I don’t know if it will work but whilst I sit at home with nothing better to do I might as well try to be a little productive.
If I had a more well known disability I would be able to access both emotional and physical support from organisations but when you have no tick box to tick you are essentially left on your own to fend for yourself.
And so, with a heavy heart, I am going to venture into the scary scene of my financial status and if I come up with any fantastic ideas I shall do all I can to share them with you.
Have you ever felt bossed around?
Try being ill and having to rely on those around you. It suddenly feels like you are 10 again and always in trouble.
I have a great family support system and have had so many nurses, doctors and consultants who look after me and I really am grateful but sometimes it all gets too much and I just crave my independence and a little bit of freedom not only for myself but as a mother.
Everybody thinks they have the answer to your problems and because you are ill they think that they have the right to tell you how to get better.
For years I have trusted and listened to everyone and tried to please all of them, all of the time but I think the intensity of being so ill, getting a little bit better but knowing that we have to go
everything again is just bringing everyone’s stress levels up to maximum and we are all about to explode.
I am planning on going away for a night or two in the coming weeks. I know that many people are quite happy in their little world day in, day out but I am not like that.
I feel like a caged animal and if I don’t get a taste of freedom soon I think I shall go mad!

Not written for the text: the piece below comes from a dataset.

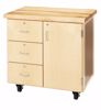 Store small items in the three drawers and larger items in the larger cabinet area with one adjustable shelf. The unit is constructed of solid maple and maple veneers and features a 1/4" pegboard on the right side of the unit for mounting tools (includes nine hooks). Rolls easily on 4" locking swivel casters. Your choice of a 1-1/4" ChemGuard top or 1-3/4" maple top.

Today I had an appointment with my GP, first thing.
I like her. Although I have been with the practice for over 7 years, I have only just got to know my GP due to circumstance. I have seen the other practitioners and they do have some knowledge of my condition but it being so rare I understand that they sometimes just don’t have the answers and that is why I decided to develop a relationship with my own GP in order to just talk. Even if there are no answers at least she doesn’t talk over me, around me, about me or just TO me.
She listens. She has to. There are only 2 of us in the room and as much as I have tried, it is easier to speak to and be listened to by a woman.
When I first developed a tumour I joined the Epidermoid Brain Tumour support group online and grew some wonderful friendships – I have stolen their motto for today’s blog – KOKO, Keep on Keeping On.
I just want it to hurry along now – I am ready for the challenge that is ahead and although I have my first operation date set for 8th February, I wish it were sooner. In some ways I am scared that the length of time between now and then will give my little superbugs the window of opportunity to make more of a mess, but this was reassured this morning when my GP told me that the new regimen of drugs I am on are the ‘Domestos’ of antibiotics.
In another way I just want to deal with the situation, overcome it and move on with my life. I have managed to lose a couple of kilos already and feel positive about the future – I want that positivity to stay so I just had to remind myself to Keep on Keeping on!